Incident Response Forensics Examiner
Posted on Nov 5, 2020 by Request Technology
A fortune 500 company is on the search for an Incident Response Forensics Examiner. This role is revolved around digital forensics incident response and dealing with incident handling, threat intelligence, and threat hunting. This role will do forensics analysis of online and offline hosts and network logs associated with information security incidents found by system level monitoring and threat hunting capabilities. This individual will be the information security SME for the following areas, Digital Forensics, Incident response, log analysis, Operating systems, and networking.
- Identify key data points regarding information security incidents, such as root-cause analysis, possible attack methods and techniques, malware infection and persistence methods, etc.
- Must understand the life cycle of an Incident and tools used to determine root cause during an incident.
- Operation understanding on reverse engineering malware.
- Perform network, disk, system files and memory forensic analysis.
- Custom tool design to assist in analysis and investigation. (Related experience in programming, database, system administration, etc.).
- Implementing integration/orchestration of existing and new forensic infrastructure and tools.
- Perform custom analysis on (centralized) security event information to analyze incidents.
- Collaborate with Engineering on the development of detection signatures and correlation use cases when appropriate.
Perform as an Information Security SME in the following areas:
- Digital Forensics
- Incident Response
- Log analysis
- Popular operating systems (Windows, Mac, Linux, Android, etc.)
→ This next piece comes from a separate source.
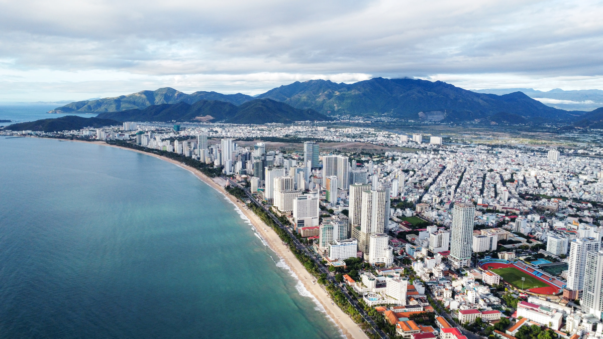 TP Nha Trang, tỉnh Khánh Hòa nhìn từ trên cao nổi bật với đường bờ biển dài, các tòa nhà khách sạn cao tầng đều nhau ven đường Trần Phú. Theo Dũng, anh ấn tượng với thành phố bởi nét yên bình, ẩm thực địa phương đa dạng và hấp dẫn.

- Networking (Firewalls, IDS/IPS, packet capture)
- Bachelors and/or Masters Degree in Engineering, Computers Science, or related field.
- 5+ years overall technical experience in either forensics, threat intelligence, incident response, security operations, or related technical information security field.
- Deep understanding of common network and application stack protocols, including but not limited to TCP/IP, SMTP, DNS, TLS, XML, HTTP, etc.
- Strong Incident Handling experience.
- Strong and recent experience with malware analysis and reverse engineering.
- Strong experience with popular OS architectures (eg Russinovichs Windows Internals, Linux Kernel architecture, etc.).
Experience with security operations tools, including but not limited to:
- Threat Intelligence Platforms
- Link/relationship analysis (eg Maltego, IBM i2 Analyst Notebook)
- Signature development/management (eg Snort rules, Yara rules)
- Broad experience with various common security infrastructure tools (NIDS, HIPS, EDR, etc.).